You’ve gone too far, I thought.

There, the seed of doubt and so I began to question. Being an avid reader of science fiction didn’t help. Although crap at science subjects at school I did find science interesting.

By the time I got to college I was very confused. I strongly felt the religious impulse but couldn’t reconcile it with the scientific approach to the universe. I remember (very little) about going to a Christian weekend during my first year and talking to two girls who laughed (pleasantly as they suddenly gained an insight into me) and said I was an intellectual. Which struck me as odd as I didn’t believe I was intelligent enough to be an intellectual. I also went to an evangelical do in Liverpool and came away, as did the woman friend I’d gone with, feeling it was manipulative. I spent several Sundays going to a Pentecostal Church. After the lively meetings, the congregation went to a local hospital with fruit and talked to the patients, not trying to convert but just to provide some company, which I thought was nice. Eventually I had a one to one session with the pastor who tried to bring me across to Jesus.

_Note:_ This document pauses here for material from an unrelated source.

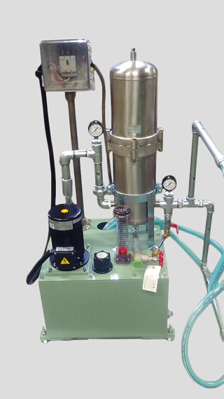 マシニングセンターや研削盤などの工作機械を用いて金属の切削や研削などを行う際、工具・被加工物が高速回転し接触するため熱を持ってしまい、その熱が原因で工具の劣化や被加工物の歪みが発生してしまうことがあります。それを防ぐために、クーラントを用いて加工時の熱を逃がしています。クーラントユニットはそのクーラントを供給→回収・ろ過→供給する装置です。
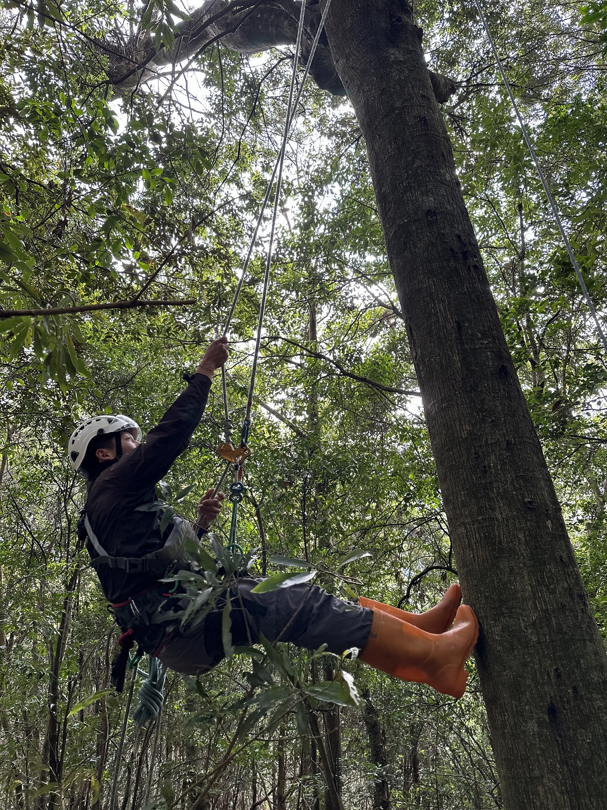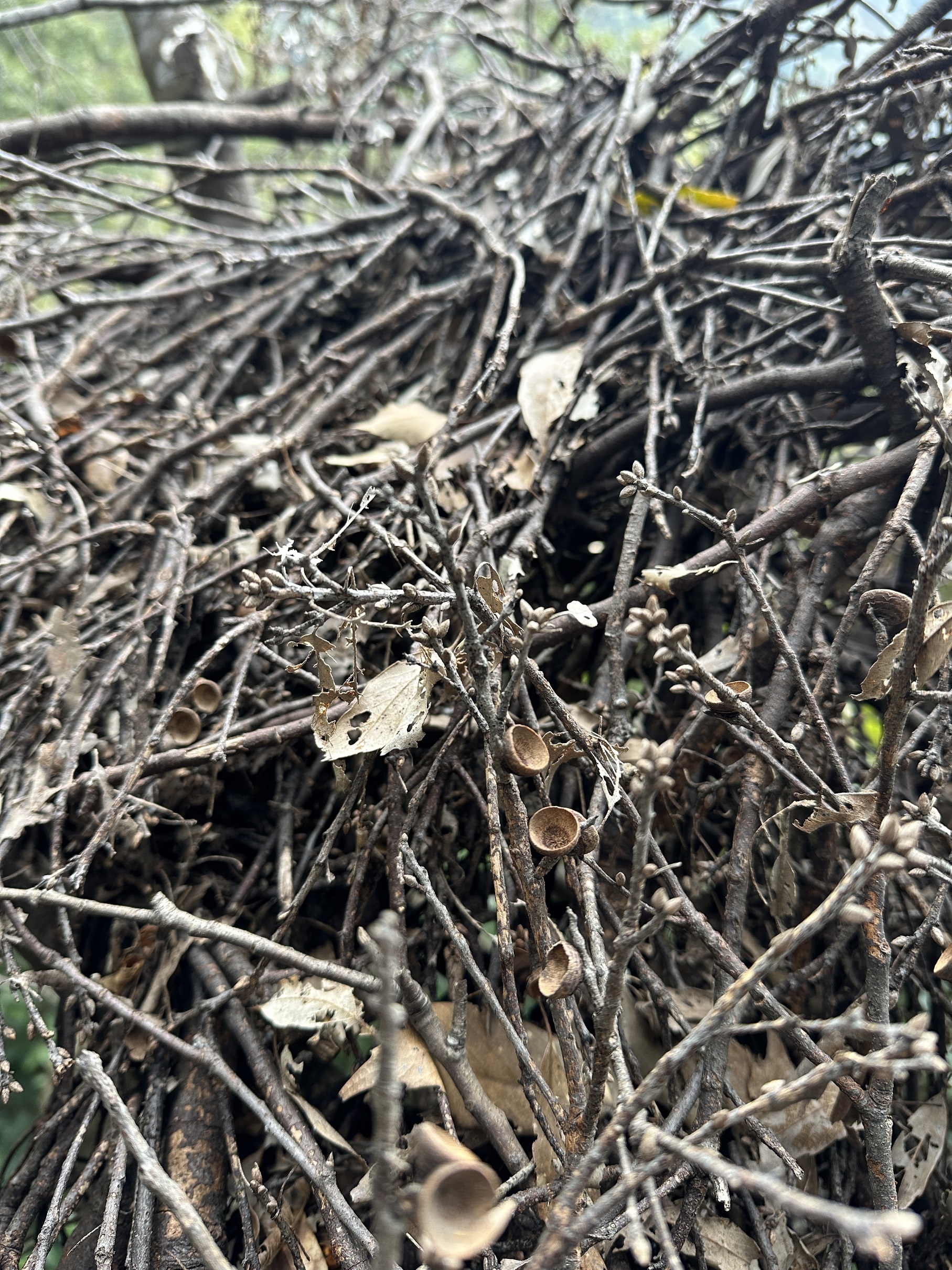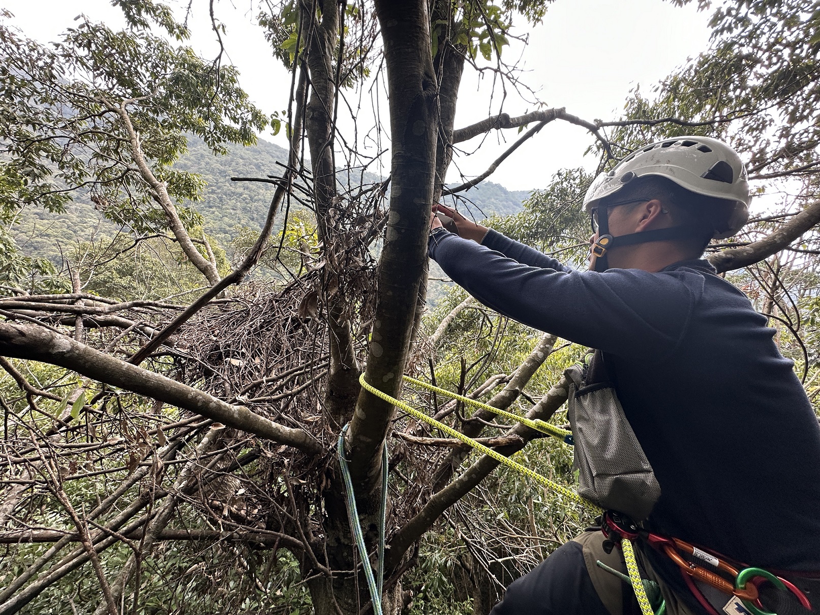 大雪山地區是臺灣黑熊活動及生存的重要棲地,近日林業及自然保育署臺中分署進行自主研究監測時,於一棵青剛櫟樹上發現疑似臺灣黑熊的熊窩,該分署森林護管員透過攀樹方式查看,驚喜發現原來樹上共有4個直徑約80~110公分,大小不一的熊窩,讓參與監測作業的工作人員都感到十分興奮。 為瞭解大雪山地區臺灣黑熊棲地利用及活動情形,林業保育署臺中分署在黑熊可能的移動路徑及活動地點,規劃紅外線自動相機監測,希望能捕捉到珍貴的黑熊畫面,同時於巡護的路徑觀察是否有樹上的熊爪痕、黑熊排遺等黑熊活動的痕跡。近日該分署森林護管員於進行紅外線相機維護工作時,在路徑上發現三處熊爪痕,並在其中一棵有熊爪痕的青剛櫟樹上發現疑似熊窩,透過森林護管員使用攀樹裝備攀爬至25公尺高的樹上查看,發現樹上共有4個大小不一,以青剛櫟枝條編織而成的臺灣黑熊熊窩。 林業保育署臺中分署表示,臺灣黑熊編織巢窩是天性,牠們的手掌像人類一樣能彎曲的前肢,可以折下樹枝築成熊窩,有時也會直接在樹上築窩。這次進行研究監測時發現的熊窩,周邊也有被折斷的樹枝枝條,在窩裡面還可看到青剛櫟果實的櫟帽。由現場情況推測,不排除黑熊為取食方便而在樹上不同位置築窩的可能性。 林業保育署臺中分署提醒,大雪山國家森林遊樂區及谷關七雄周邊山域都是黑熊活動的範圍,民眾於山林活動請隨身攜帶熊鈴,遵守無痕山林準則,如在野外巧遇臺灣黑熊,記得不驚嚇、不打擾,緩步離開,並於安全處向該分署通報(通報電話:04-25150855),提供黑熊出沒訊息資料作為保育研究使用,也讓人與熊和平共享山林。

He failed and that was pretty much it for me and religion.

I’ve stood there, wanting God to speak to me in some way, begging Him/She/It/Whatever. I want to believe, help me. I’m open to you.

Nothing came because there is nothing there. And we are briefly burning flames in the night and what is left of the flame when it is blown out?



That’s right.









POST SCRIPT

Rather ironically, in my online novel All The Worlds At Once (see sidebar), I came up with a quasi-scientific explanation for the existence of a god.